The way you approach this problem was by first reading it and by seeing **Maximum **Subarray description. Whenever you find in the problem statement something like **maximum, minimum, etc**., then that problem can be thought as optimization problem. So dynamic programming thought process can be applied.

But first I initially tried to solve it using simple brute force algorithm. Using two for loops, find sum of all sub arrays and then return maximum of those sums.

```
public int maxSubArray1(int[] nums) {
// find all subarrays
// find max subarray
int maxSum = Integer.MIN_VALUE;
for (int i=0; i<nums.length; i++) {
int sum = 0;
for (int j=i; j<nums.length; j++) {
sum = sum + nums[j];
if (maxSum<sum) maxSum = sum;
}
}
return maxSum;
}
```

It looked simple to implement. But the time complexity is O(n*n), so will definitely not be acceptable in an interview. The interview feedback will be – The candidate was unable to provide optimized solution. 🙂

Then I tried solving the problem using Dynamic Programming/Optimization. I spent some time but could not think of the right sub-problem which could help solve the super-problem. Then I reviewed the greatest source of truth – The Internet. 🙂

Below is the right sub problem that I could find.

maxSubArray[i] – It is the maximum sum of contiguous elements of an array where nums[i] **must **be included.

Below is how you can derive maxSubArray[i] from maxSubArray[i-1].

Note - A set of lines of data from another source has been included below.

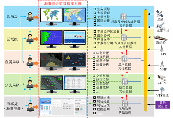 2.缺少合理的监管指挥体系和统一的信息化支撑平台。当前,海事部门遂行的水上交通安全管理仍以辖区进行划分,主要手段为VTS,承担VTS管理职能的船舶交通管理中心仅负责交通态势监视和水上交通组织管理;水上交通违法执法由海事处或执法大队承担;水上险情处置和应急搜救任务,由水上应急指挥中心负责,监、管、救目前处于分割状态。另外,部海事局对直属海事局的领导更多体现在宏观决策和指挥,因缺少能够掌握全国水上交通宏观状况的手段,导致其无法有效收集各直属海事局的监管动态及全球水上交通态势,在指令下达方面仍以简单的语音和文字形式实现。各直属海事局的信息化发展水平和层次也存在较大差别,个别海事局虽建有监管指挥系统,但也只能在近岸区域内开展海上安全监视和交通管理,在直属海事局间以及跨区域时无法实现监管数据共享和应急指挥的协同,且不具备海上应急处置的信息化和智慧化能力。综上,部海事局及所有直属海事局在海上安全监管和应急处置方面无法形成合力,无法充分发挥“1+1>2”的效能。
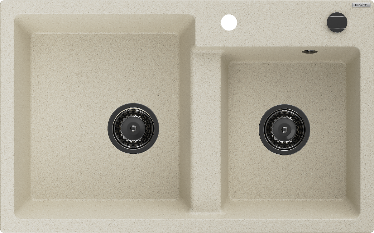 Mexen Tomas zlewozmywak granitowy 2-komorowy 800 x 500 mm, beżowy, syfon czarny - 6516802000-69-B
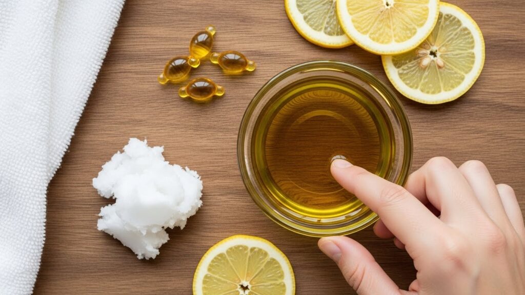 - Coconut Oil Soak: Coconut oil is a fantastic natural moisturizer. It is easily absorbed and can help hydrate dry, brittle nails. Warm a small amount of oil and soak your fingertips for 10–15 minutes. This is one of the best home remedies for nails and is highly effective at reducing peeling layers. Do this daily for the best results!
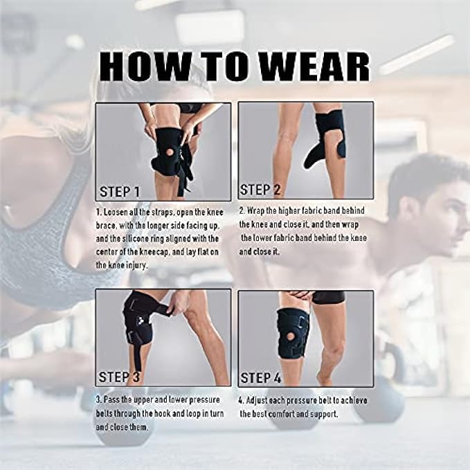 ?〖Adjustable size〗Double adjustable compression straps, Velcro buckle〖Adjustable size〗Double adjustable compression straps, Velcro buckle design, unisex, can easily adjust the size, suitable for most people, the knee brace is suitable for the size range:10"-13"(25.4cm-33.0cm).
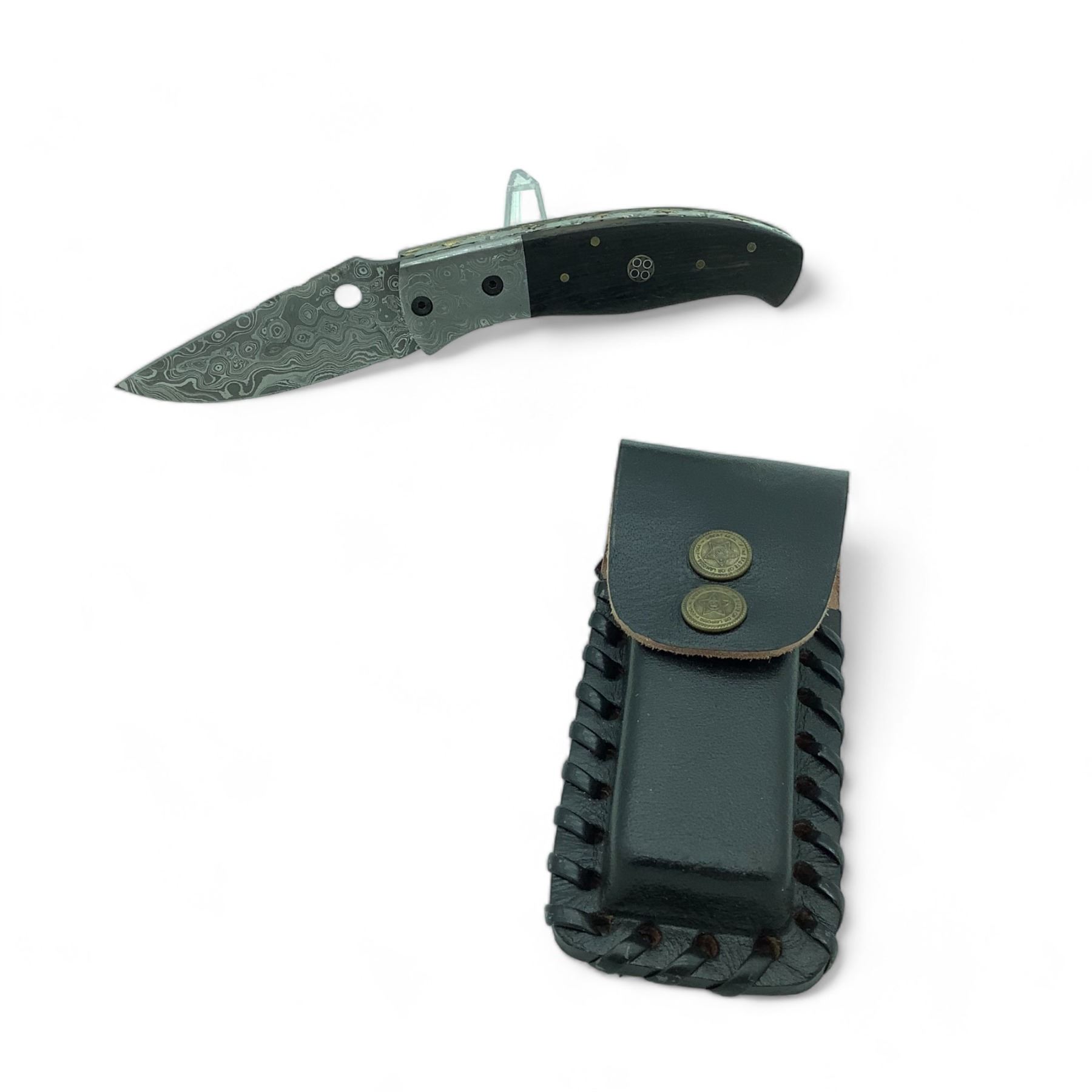Lot 188 Hand Forged Damascus Folding 3 1/4" Blade Knife with Leather Sheath
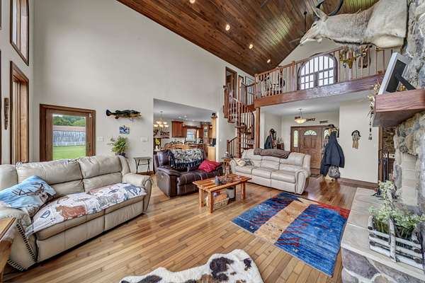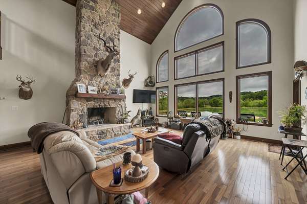 Absolutely stunning rare gem of property that literally has it all! Welcome to where outdoorsman paradise meets country tranquility with endless features throughout. Entering from your private black top drive you will notice the majestical lay out of your gorgeous stoned facade home sitting peaceably adjacent to the serene and scenic 2 acre lake with dock and bridge. As if that is not charming enough, a second glimpse reveals the beautiful simplicity of country living with plank fencing, storage sheds, and tobacco and livestock barns. An amazing and gorgeous 2 story home boasts of elegant hardwood floors, granite countertops, cathedral wood ceiling, and a 20 ft stone wood burning fireplace. Its large great room windows provides breathtaking views. All this sitting on 172 beautiful evenly blended acres of wooded and open land featuring a tower stand, tree stands, 2,000 lbs feeder, heavily stocked ponds, plentiful wildlife, marketable timber and entirely fenced perimeter. Make this turnkey farm your dream homestead or utilize its unlimited potential as even a possible hunters retreat or Air BnB lodge as each bedroom is set up with its own bathroom. This property is one of a kind!
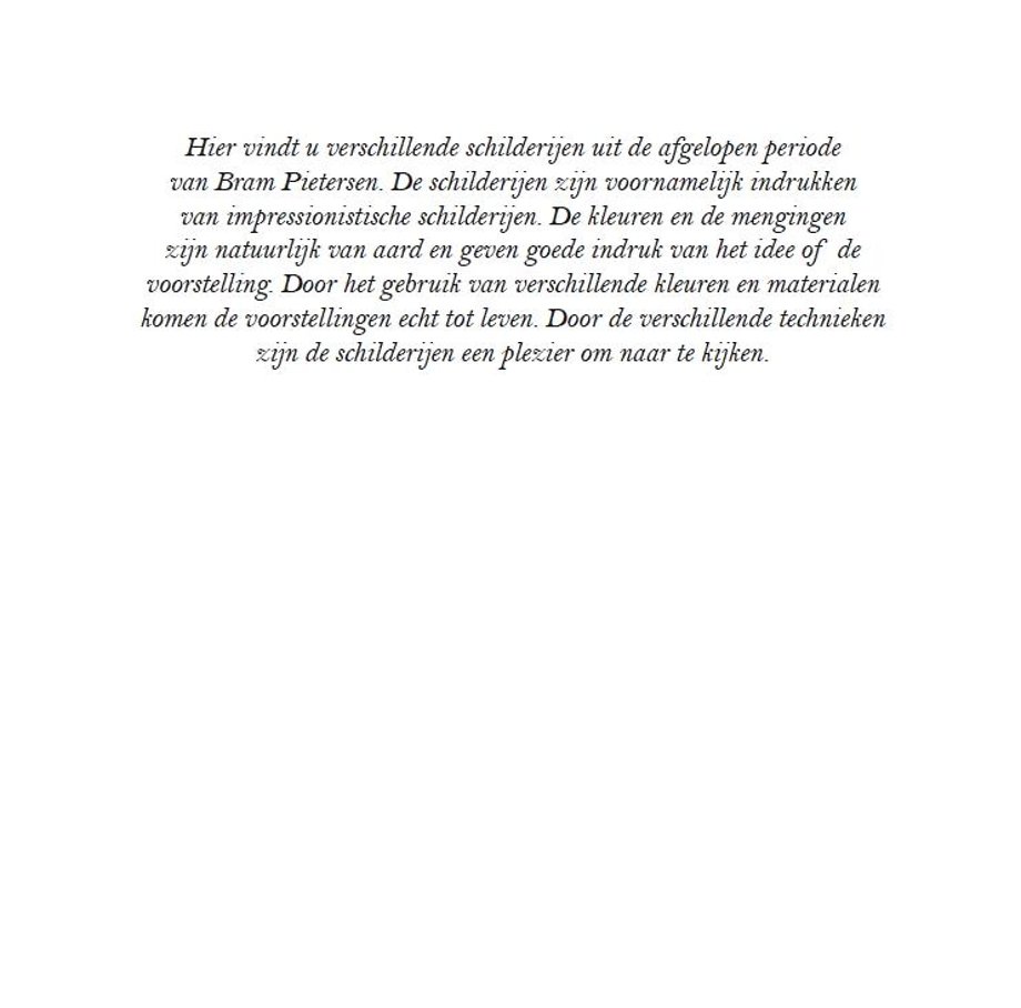 Hier vindt u verschillende schilderijen uit de afgelopen periode van Bram Pietersen. De schilderijen zijn voornamelijk indrukken van impressionistische schilderijen. De kleuren en de mengingen zijn natuurlijk van aard en geven een goede indruk van het idee of de voorstelling. Door het gebruik van verschillende kleuren en materialen komen de voorstellingen echt tot leven. Door de verschillende technieken zijn de schilderijen een plezier om naar te kijken.
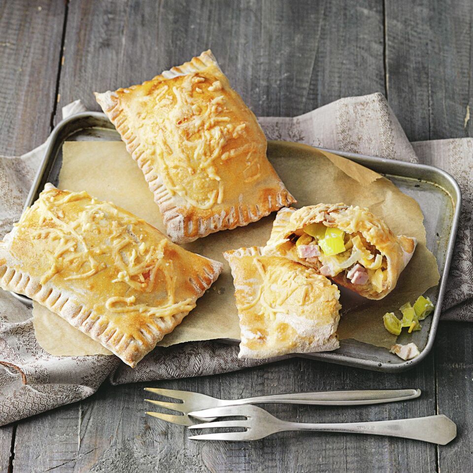 Flammkuchen im handlichen Taschenformat: Mit einer knusprigen Hülle und einer saftigen Füllung kommen diese kleinen Leckerbissen auf den Teller.
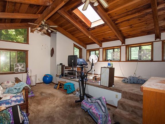 Tucked into a private little forest just under 3 miles to Boulder Creek, this home is bright and full of light and possibilities. The large warehouse is a dream come true for all your creative desires. Currently used as a giant wood shop, and quilt making business, with a greenhouse area on the side, you could use it to store cars, unleash your magical maker side or garden away both inside and out. Wood burning stoves in the master bedroom and dining room and a fireplace in the family room make this place warm and cozy.
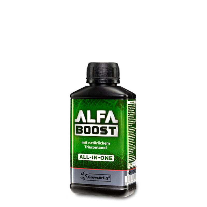 Alfa Boost 250ml— це інноваційний бустер і біостимулятор широкого спектра дії, створений для забезпечення максимального врожаю та здоров'я ваших рослин. Цей продукт підтримує рослини на кожному етапі їхнього розвитку — від пророщування насіння до збирання врожаю, гарантуючи багатий, здоровий та стійкий урожай.

maxSubArray[i] = maxSubArray[i-1]>0 ? maxSubArray[i-1] + nums[i] : nums[i];

Once you understand this, solving the problem now looks simple and is now a O(n) solution.

```
public int maxSubArray(int[] nums) {
if (nums.length == 1) return nums[0];
int max = Integer.MIN_VALUE;
int maxSubArray[] = new int[nums.length];
maxSubArray[0] = nums[0];
for (int i=0; i<nums.length; i++) {
maxSubArray[i] = i>0 && maxSubArray[i-1]>0 ? maxSubArray[i-1] + nums[i] : nums[i];
max = Math.max(max, maxSubArray[i]);
}
return max;
}
```

**Lessons learnt by solving this problem.**

- If you see in problem statement things like maximum, minimum, average, etc, it could be an optimization problem and dynamic programming and divide and conquer techniques could be handy solving these problems.
- Spend your time in finding the right sub-problem which can be useful in solving the super problem. Once you are able to find and formulate the right sub-problem, your problem is 90% solved.